• **Requirement**:
Within the records below, find the line with "On the afternoon" and the line with "2023年,公司营业收入现金比为109.62%,净现比为374.37%。", then reproduce exactly those two lines and all lines between them, without any picture.

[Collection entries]

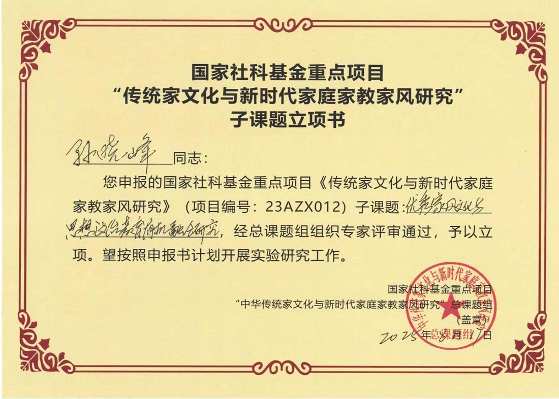 本网讯(通讯员:李彩平)近日,国家社科基金重点项目《传统家文化与新时代家庭家教家风研究》召开开题培训会。beat365官网大学生素质教育研究中心研究员孙晓峰教授作为子课题负责人,申报的子课题《优秀家风文化与思想政治教育有机融合研究》经专家组审核,成功获批立项。
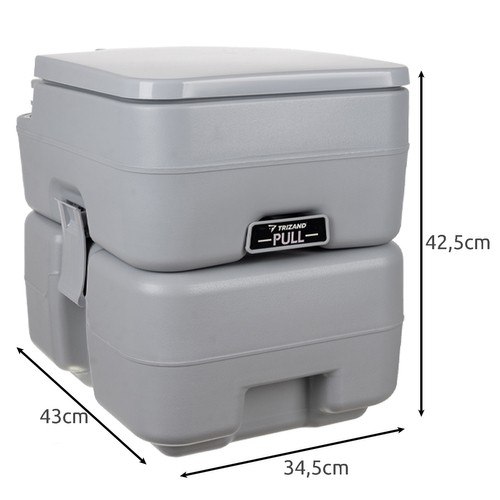 - SPECYFIKACJA: kolor: szary; materiał: HDPE, ABS, PP, guma; pojemność zbiornika na nieczystości: 20l; pojemność zbiornika na wodę: 12l; udźwig: 150kg; wymiary: 42,5 x 34,5 x 43cm; wewnętrzna średnica siedziska: 25,5 x 22cm; waga: 4,3kg; waga w opakowaniu: 5,1kg
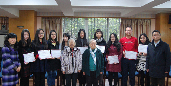 On the afternoon of December 20, the School of Foreign Languages (FLS) held the 2013 Award Ceremony for Excellent Service Award of Sun Yat-sen University and the First Dai Liuling Scholarship. Ms. Xu Kaishu, wife of late Professor Dai Liuling, and her sister Ms. Xu Kaijun were invited to the event. Presided over by Deputy Secretary Cao Xin, the ceremony was joined by Dean Chang Chenguang, Secretary Xu Dongli and Vice Dean Xu Aihong.
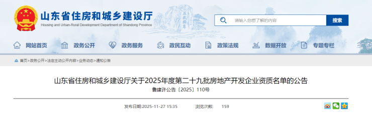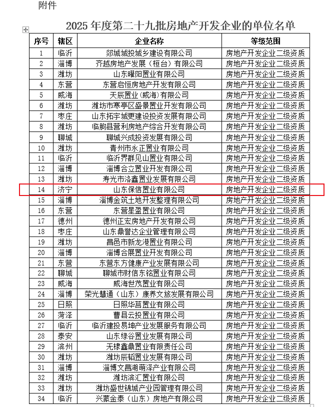 济宁1家!2025年度第二十九批房地产开发企业资质名单发布
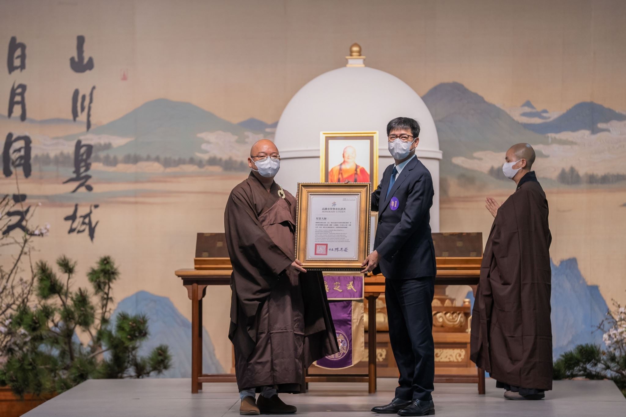 市長陳其邁親自頒發高雄榮譽市民證書,表揚星雲大師以文化弘揚佛法、以教育培養人才、以福利照拂社會、以共修淨化人心,終身提倡人間佛教,在文化、教育、慈善事業皆獲得舉世敬重,可謂高雄的榮耀。
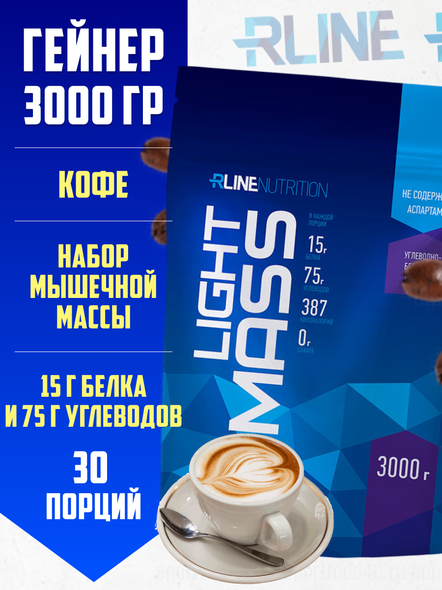 Купить Гейнер R-Line Light Mass, высокоуглеводный, 30 порций, 3 кг, моккачино с доставкой по всей России.
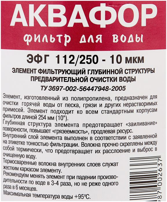Картридж Аквафор ЭФГ 112/250-10 изготовленный из вспененного полипропилена, предназначен для очистки холодной и горячей воды от песка, грязи, окалины, ржавчины и других нерастворимых примесей.
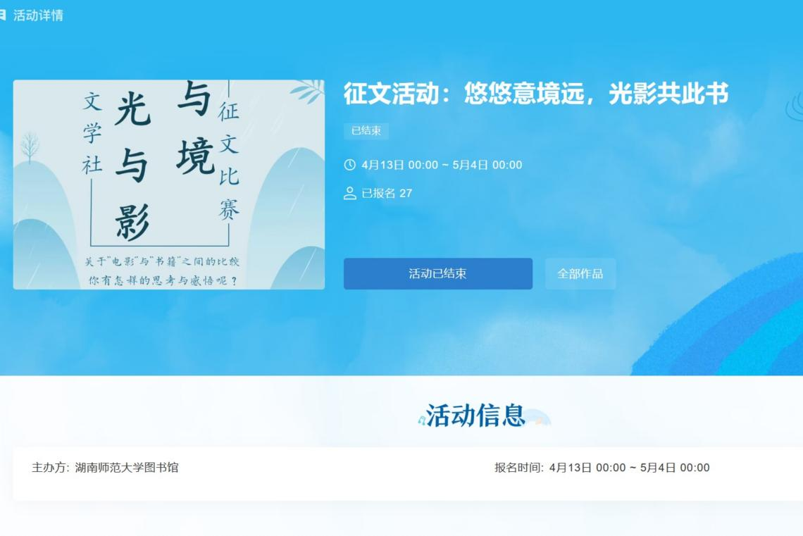 此次征文活动隶属于朝暾文学社“与君初相识,不如从书始”读书节系列活动,活动形式为线上征稿。活动以“电影与书籍的比较”为主题,鼓励同学们对原版书籍及其改编的影视作品进行比较、思考。此次活动采用了全新的投稿渠道,同学们通过进入我校图书馆网页,在首页找到“讲座活动”模块,并点击进入“征文活动:悠悠意境远,光影共此书”板块,即可参与报名投稿。此次活动得到校图书馆支持,共设置一等奖3名,二等奖6名,三等奖12名,优秀奖10名,朝暾文学社将于近日进行评审,并秉持“公平、公正、公开”原则,对获奖名单进行公示。
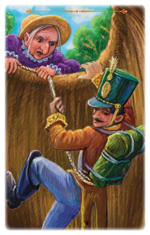 – Видишь вон то старое дерево? – сказала ведьма, показывая на дерево, которое стояло неподалёку. – Оно внутри пустое. Влезь наверх, там будет дупло, ты и спустись в него, в самый низ! А перед тем я обвяжу тебя верёвкой вокруг пояса, ты мне крикни, и я тебя вытащу.
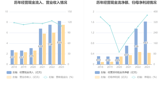 2023年,公司营业收入现金比为109.62%,净现比为374.37%。
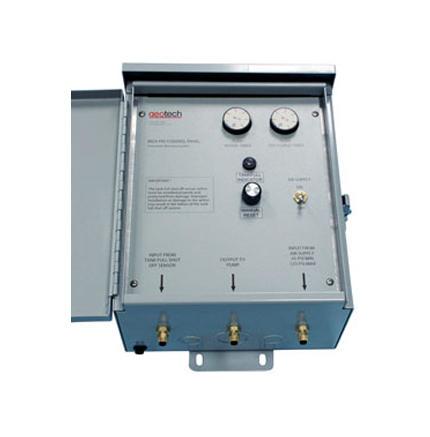The PRS Control Panel can be used with most bladder/ positive air displacement pumps. The dual timers can be adjusted to vary the intake and discharge cycle time. The pneumatic Tankfull Shut-Off Sensor shuts off the pump when the recovery tank is full. The system will not restart until the manual reset is pressed.
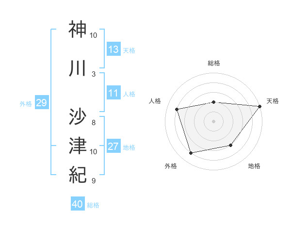 神川 沙津紀さんの天格は13画の5点!
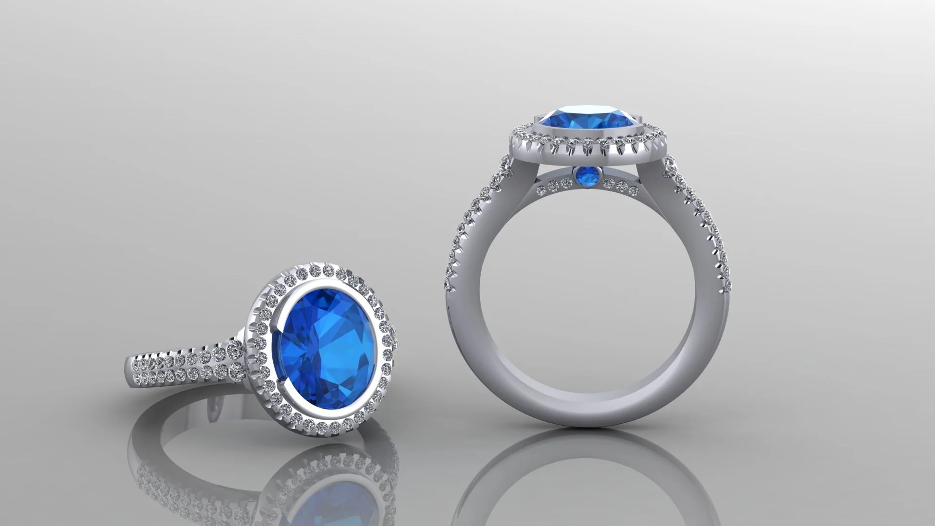 This CAD render has a halo of diamonds surrounding the bezel set blue sapphire and secret stones on the under carriage.

• **Written answer**:
 On the afternoon of December 20, the School of Foreign Languages (FLS) held the 2013 Award Ceremony for Excellent Service Award of Sun Yat-sen University and the First Dai Liuling Scholarship. Ms. Xu Kaishu, wife of late Professor Dai Liuling, and her sister Ms. Xu Kaijun were invited to the event. Presided over by Deputy Secretary Cao Xin, the ceremony was joined by Dean Chang Chenguang, Secretary Xu Dongli and Vice Dean Xu Aihong.
 济宁1家!2025年度第二十九批房地产开发企业资质名单发布
 市長陳其邁親自頒發高雄榮譽市民證書,表揚星雲大師以文化弘揚佛法、以教育培養人才、以福利照拂社會、以共修淨化人心,終身提倡人間佛教,在文化、教育、慈善事業皆獲得舉世敬重,可謂高雄的榮耀。
 Купить Гейнер R-Line Light Mass, высокоуглеводный, 30 порций, 3 кг, моккачино с доставкой по всей России.
Картридж Аквафор ЭФГ 112/250-10 изготовленный из вспененного полипропилена, предназначен для очистки холодной и горячей воды от песка, грязи, окалины, ржавчины и других нерастворимых примесей.
 此次征文活动隶属于朝暾文学社“与君初相识,不如从书始”读书节系列活动,活动形式为线上征稿。活动以“电影与书籍的比较”为主题,鼓励同学们对原版书籍及其改编的影视作品进行比较、思考。此次活动采用了全新的投稿渠道,同学们通过进入我校图书馆网页,在首页找到“讲座活动”模块,并点击进入“征文活动:悠悠意境远,光影共此书”板块,即可参与报名投稿。此次活动得到校图书馆支持,共设置一等奖3名,二等奖6名,三等奖12名,优秀奖10名,朝暾文学社将于近日进行评审,并秉持“公平、公正、公开”原则,对获奖名单进行公示。
 – Видишь вон то старое дерево? – сказала ведьма, показывая на дерево, которое стояло неподалёку. – Оно внутри пустое. Влезь наверх, там будет дупло, ты и спустись в него, в самый низ! А перед тем я обвяжу тебя верёвкой вокруг пояса, ты мне крикни, и я тебя вытащу.
 2023年,公司营业收入现金比为109.62%,净现比为374.37%。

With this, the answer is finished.